Making those connections to my Guidance is what I’m working on these days. Instead of waiting for it to happen to me again, I’m consciously bridging that connection as often as possible now, practicing that process, recognizing that feeling, and living and creating in that area of consciousness. It’s an exciting realization for me…to finally actually realize that those gifts of psychic, paranormal, and spiritual experiences I’ve had all my life weren’t just bestowed upon me by some kind stranger who took pity on me or felt I deserved some grace of kindness at the moment. I had had an inkling all those years that one day I’d be learning the reason behind all those weird and wonderful experiences. I’d hoped that they were there for a reason, all leading up to some grand realization.
And as whenever I learn something new, I still find myself hoping that there’s still a lot more to learn.
Thursday, December 11, 2008
DIVORCE
My divorce gets finalized next week.
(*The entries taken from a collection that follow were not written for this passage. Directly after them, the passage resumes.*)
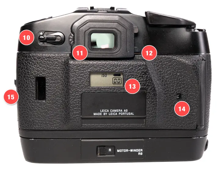 - Info-LCD: Anzeige für Batterie und Bildzählwerk. Wird die unter dem Display liegende Klappe geöffnet, kann eine manuelle ASA und der Selbstauslöser eingestellt werden.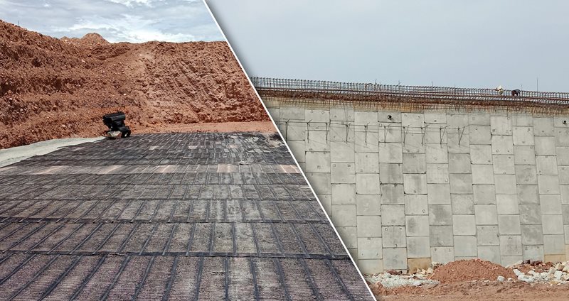 Kết cấu tường chắn có cốt với bề mặt bê tông đúc sẵn đã được xây dựng để trở thành đường dẫn đầu cầu cho Cầu Khải Định, Tỉnh Thừa Thiên Huế, Việt Nam. Lưới địa kỹ thuật dòng RE500 được sử dụng cho kết cấu tường chắn Panel thay vì sử dụng cốt gia cường dải thép.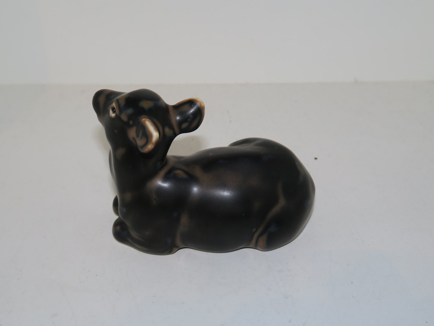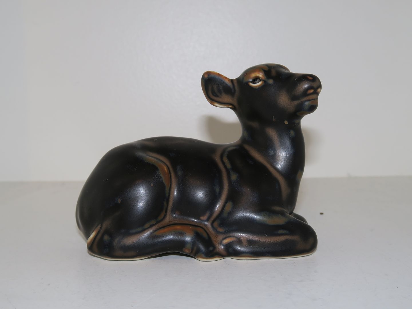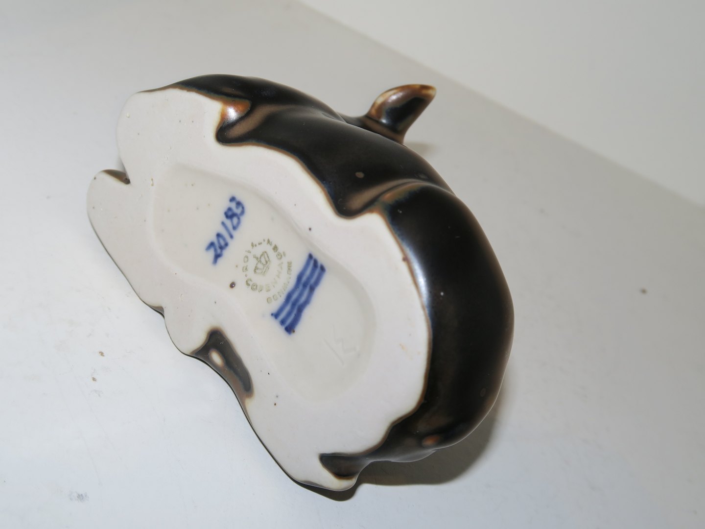 Royal Copenhagen brown stoneware figurine, deer. Designed by artist Knud Kyhn. Decoration number 20183. Factory first. Length 9.5 cm. Perfect condition with no chips, cracks or repairs.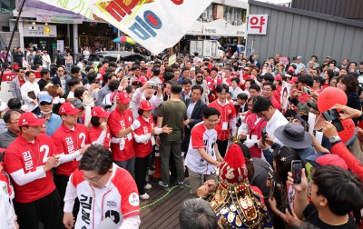 권성동 원내대표와 강릉 시민들에게 인사하는 김문수 후보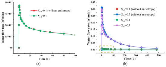 This study introduces a fluid flow–reservoir deformation coupling model that takes into account the mechanical anisotropy of coal seams, created through a blend of theoretical analysis and numerical simulation. The model incorporates the anisotropic characteristics of coal mechanical parameters and the effects of water softening in the gas–water two-phase flow process. It explores how the water immersion-induced changes in mechanical properties influence coal permeability and gas extraction production patterns. The following conclusions can be drawn: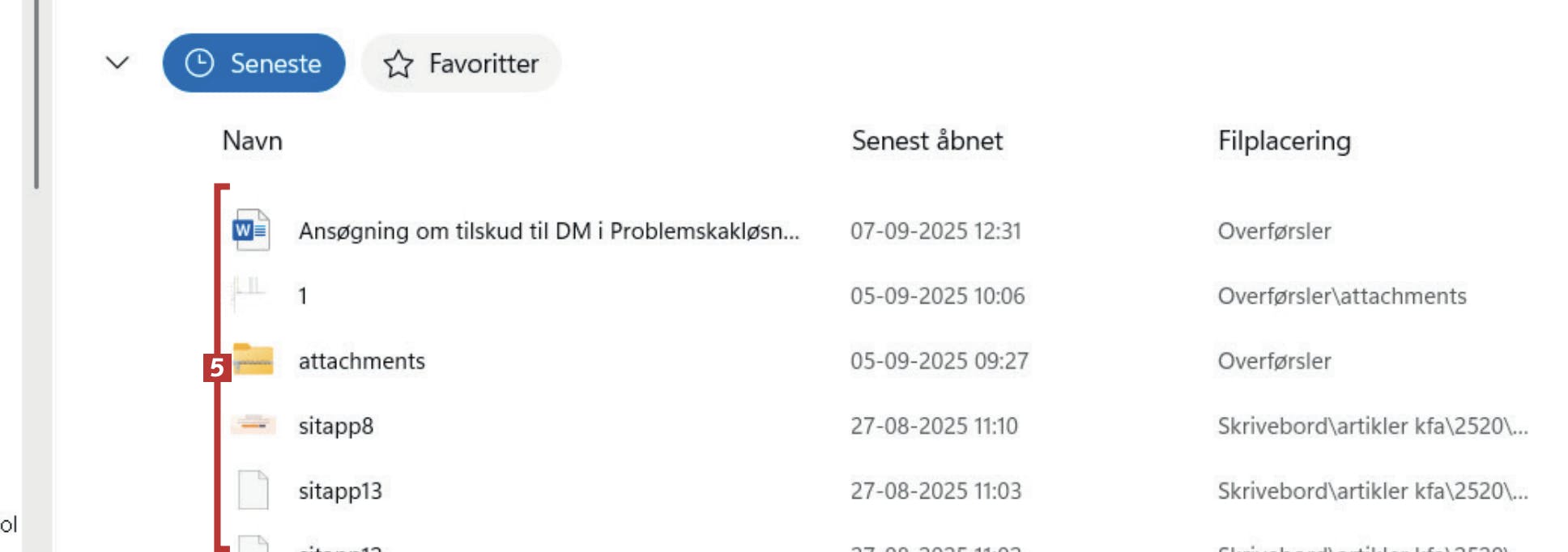 Her er problemet. Der bliver ikke vist en oversigt over seneste filer i Stifinder-vinduet. Klik derfor på linket 1.

I’m not sure what to expect, but we have to appear in court before the judge. The only other times I’ve been in court were (1) for our bankruptcy many years ago, (2) when my husband had another speeding ticket to take care of, (3) and when we took our next-door neighbors to court to get a restraining order once. Now don’t get me wrong, I’m not vindictive or not a nice person to live next door to. This guy threatened to shoot my dog, would yell at my kids, and made threats against us! Anyway, I think it will be a huge relief once the divorce is actually finalized. Everyone’s asking me if I’ll have a celebration party afterward. I’m not a party person. How about this…anyone reading this who has even the slightest notion of what relief I’m feeling, make a toast and send some good vibes my way.